Judge rules against Illinois in Medicaid payment case

CHICAGO – Illinois violated consent decrees by allowing $2 billion in Medicaid bills to pile up, a federal judge ruled Wednesday.

The decision stopped short of ordering the state to immediately prioritize the payments over “core” obligations like debt service and pension contributions, but it poses another strain that could force the state to reshuffle how it doles out its sparse cash in the absence of a budget.

The decision from Judge Joan Lefkow of the U.S. District Court for the Northern District of Illinois’ Eastern Division gives the state some breathing room by allowing time to reach a negotiated agreement.

Illinois State Comptroller Susana Mendoza

“The parties are directed to continue to negotiate to achieve substantial compliance with the consent decrees in these cases,” said the order released late Wednesday. “If they cannot reach a negotiated solution, either party may make an appropriate motion, to be noticed for presentment on June 20, 2017, at 10:00 a.m.”

The “solution” stands to influence investor sentiments over the state’s ability to meet its obligations, may prompt other stakeholders starved for payment to seek court help, and could threaten the state’s already freshly downgraded credit due to the two-year-old budget impasse.
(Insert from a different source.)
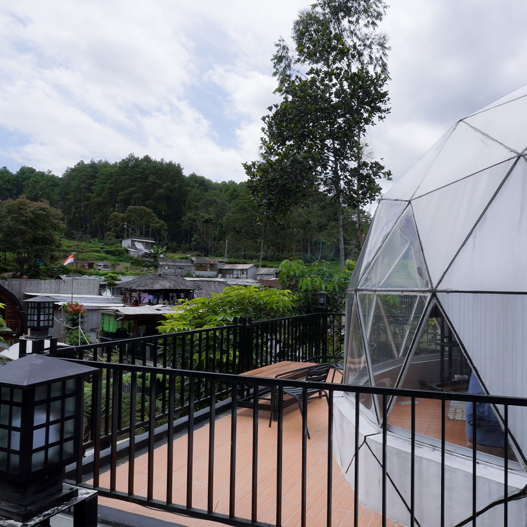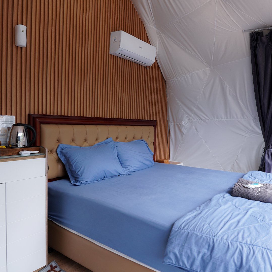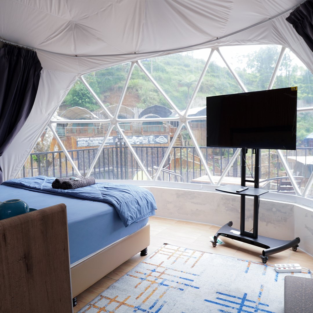 Tipe Dome 2 glamping ini Menghadirkan panorama sungai yang luas langsung dari depan kamar, dome ini menjadi pilihan favorit untuk pasangan. Desain interior yang hangat dan pencahayaan natural menciptakan pengalaman menginap yang romantis. Ideal untuk tamu yang ingin glamping mewah dengan view sungai terbaik.

The state has been operating without a budget since July 2015, piling up more than $14 billion in past-due obligations in the process.

Moody’s Investors Service and S&P Global Ratings downgraded the state to the lowest investment grade level of Baa3/BBB-minus last week. Moody’s cited court orders adding to the list of priority payments as a factor that could lead to another hit.

After Wednesday's ruling, Moody’s lead Illinois analyst Ted Hampton said the court action “does not amount to any kind of mandate for the state to pay.”

S&P made clear a drop to junk likely looms absent a budget agreement by the start of the fiscal year July 1.

Fitch Ratings has said it views the beginning of the new fiscal year as a key marker for a downgrade of the state’s BBB rating.

The latest court action stems from consent decrees reached years ago and reinforced in 2015. They require the state to pay Medicaid providers in a timely and expedited fashion to ensure that patients are not deprived of care regardless of whether there’s a budget appropriation in place.

The recipients recently returned to court arguing that the state’s prioritization of some obligations over Medicaid providers and managed care organizations, or MCOs, violated the prior orders and were jeopardizing medical services due to the length and size of payment delays.

The pressure is now on state Comptroller Susana Mendoza’s office -- which manages bill payments. She must meet the demand for “substantial compliance” with little additional cash after other “core” priority monthly obligations are met.

“The lack of a budget for the last two years has created a situation in which we now have more court-ordered and state-mandated payments than we have revenues to cover them,” Mendoza warned in a statement. “The real solution to this crisis is a comprehensive budget plan passed by the General Assembly and signed by the governor -- now.”

Lawyers from Attorney General Lisa Madigan’s office argued there was no violation because the state continues to do its best to pay down Medicaid bills in a timely fashion despite the lack of revenue.

Lefkow disagreed and in her ruling questioned why “the comptroller is funding the state payroll as well as debt service at 100%, respectively $370 million and $226 million each month…yet Medicaid payments total just $160 million per month, not including any payment to the MCOs.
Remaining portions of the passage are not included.